→ **What to produce**
Below are some records. Retype exactly the lines from the one containing "2025 Charmleaks Women" through the one containing "Op de Multibrush", both included, skipping every picture.

→ **Information supplied**
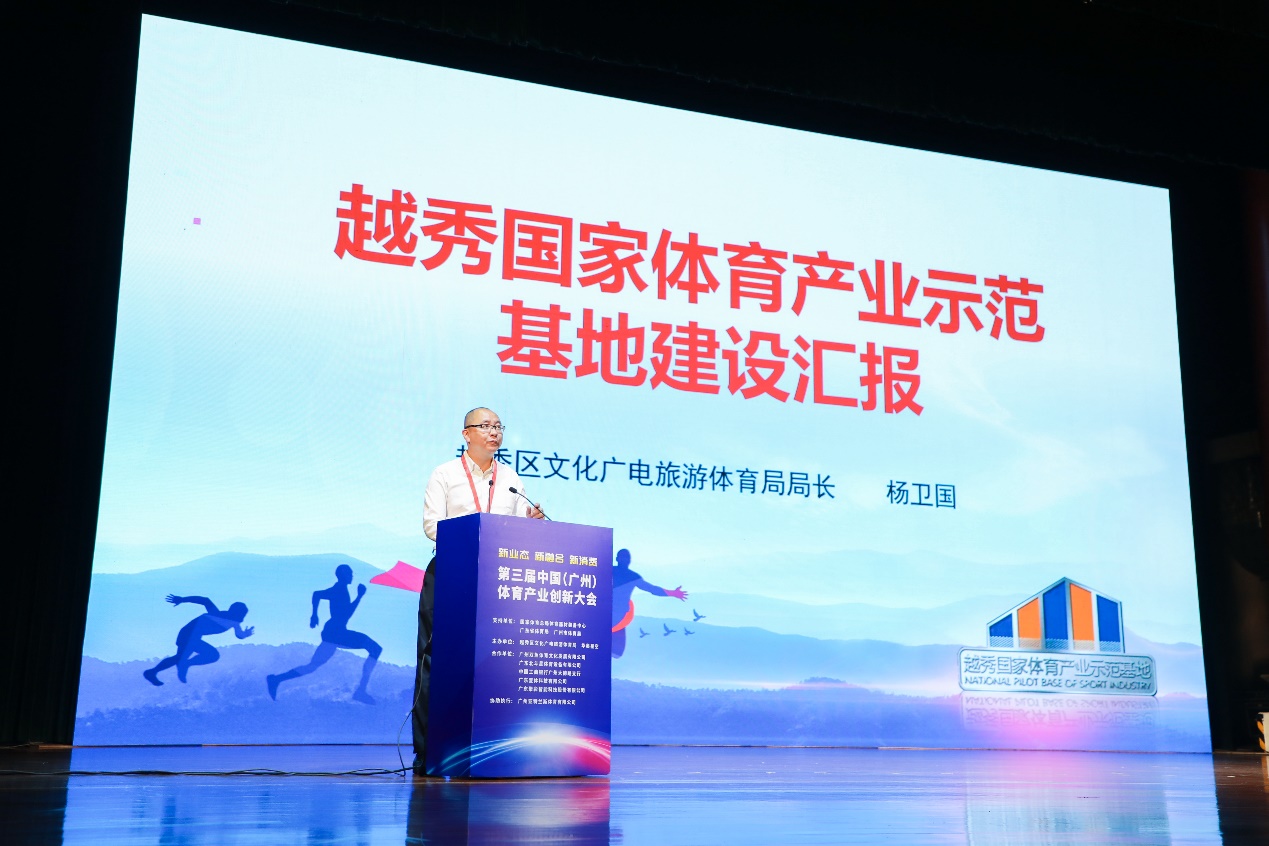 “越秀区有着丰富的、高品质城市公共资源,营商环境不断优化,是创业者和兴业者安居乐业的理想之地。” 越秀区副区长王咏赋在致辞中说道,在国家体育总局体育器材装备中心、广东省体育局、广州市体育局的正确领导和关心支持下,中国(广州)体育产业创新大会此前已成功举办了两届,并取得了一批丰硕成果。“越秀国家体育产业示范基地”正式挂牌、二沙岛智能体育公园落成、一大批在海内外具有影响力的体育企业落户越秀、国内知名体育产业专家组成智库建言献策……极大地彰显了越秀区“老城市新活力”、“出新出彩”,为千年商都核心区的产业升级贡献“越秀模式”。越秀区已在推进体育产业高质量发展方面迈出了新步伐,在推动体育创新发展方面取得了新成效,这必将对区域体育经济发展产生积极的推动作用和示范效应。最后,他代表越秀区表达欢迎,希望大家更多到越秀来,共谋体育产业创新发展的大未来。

---

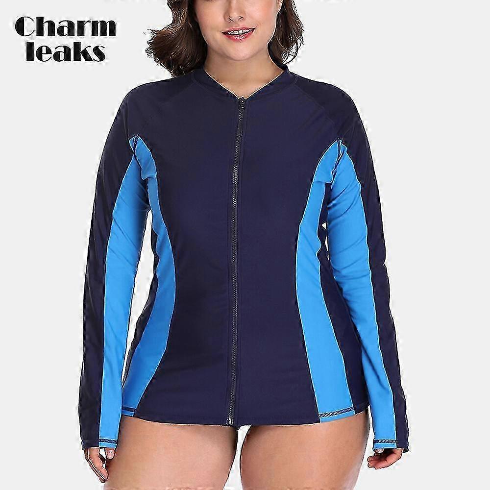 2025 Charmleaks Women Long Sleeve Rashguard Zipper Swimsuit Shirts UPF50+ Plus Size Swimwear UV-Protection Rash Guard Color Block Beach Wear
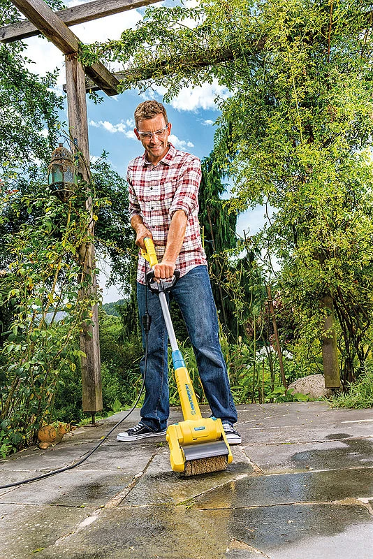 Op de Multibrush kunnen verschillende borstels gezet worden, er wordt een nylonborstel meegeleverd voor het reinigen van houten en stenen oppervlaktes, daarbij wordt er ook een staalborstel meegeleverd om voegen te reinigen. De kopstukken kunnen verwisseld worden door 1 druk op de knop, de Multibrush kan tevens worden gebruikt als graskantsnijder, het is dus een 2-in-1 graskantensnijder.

→ **Output for this exercise**
 2025 Charmleaks Women Long Sleeve Rashguard Zipper Swimsuit Shirts UPF50+ Plus Size Swimwear UV-Protection Rash Guard Color Block Beach Wear
 Op de Multibrush kunnen verschillende borstels gezet worden, er wordt een nylonborstel meegeleverd voor het reinigen van houten en stenen oppervlaktes, daarbij wordt er ook een staalborstel meegeleverd om voegen te reinigen. De kopstukken kunnen verwisseld worden door 1 druk op de knop, de Multibrush kan tevens worden gebruikt als graskantsnijder, het is dus een 2-in-1 graskantensnijder.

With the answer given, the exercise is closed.